### Data to examine
BEGIN
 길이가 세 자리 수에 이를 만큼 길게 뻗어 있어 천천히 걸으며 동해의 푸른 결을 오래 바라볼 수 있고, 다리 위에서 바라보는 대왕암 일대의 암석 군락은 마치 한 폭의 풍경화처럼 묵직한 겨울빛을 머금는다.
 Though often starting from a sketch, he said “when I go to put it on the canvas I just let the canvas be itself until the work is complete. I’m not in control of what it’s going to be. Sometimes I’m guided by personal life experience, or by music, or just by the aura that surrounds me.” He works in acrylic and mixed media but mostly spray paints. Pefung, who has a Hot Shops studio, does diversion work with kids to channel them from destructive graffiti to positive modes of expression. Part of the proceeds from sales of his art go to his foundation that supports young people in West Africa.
END
BEGIN
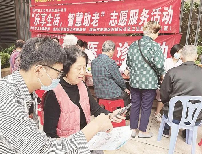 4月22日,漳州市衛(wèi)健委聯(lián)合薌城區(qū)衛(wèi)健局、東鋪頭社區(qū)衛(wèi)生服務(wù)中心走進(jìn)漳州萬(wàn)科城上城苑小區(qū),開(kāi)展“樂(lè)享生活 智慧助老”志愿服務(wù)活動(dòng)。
END
### Exercise instructions
Output the material above exactly, but only from the line that carries "길이가 세 자리 수에" through the line that carries "Though often starting".

### Result of the task
 길이가 세 자리 수에 이를 만큼 길게 뻗어 있어 천천히 걸으며 동해의 푸른 결을 오래 바라볼 수 있고, 다리 위에서 바라보는 대왕암 일대의 암석 군락은 마치 한 폭의 풍경화처럼 묵직한 겨울빛을 머금는다.
 Though often starting from a sketch, he said “when I go to put it on the canvas I just let the canvas be itself until the work is complete. I’m not in control of what it’s going to be. Sometimes I’m guided by personal life experience, or by music, or just by the aura that surrounds me.” He works in acrylic and mixed media but mostly spray paints. Pefung, who has a Hot Shops studio, does diversion work with kids to channel them from destructive graffiti to positive modes of expression. Part of the proceeds from sales of his art go to his foundation that supports young people in West Africa.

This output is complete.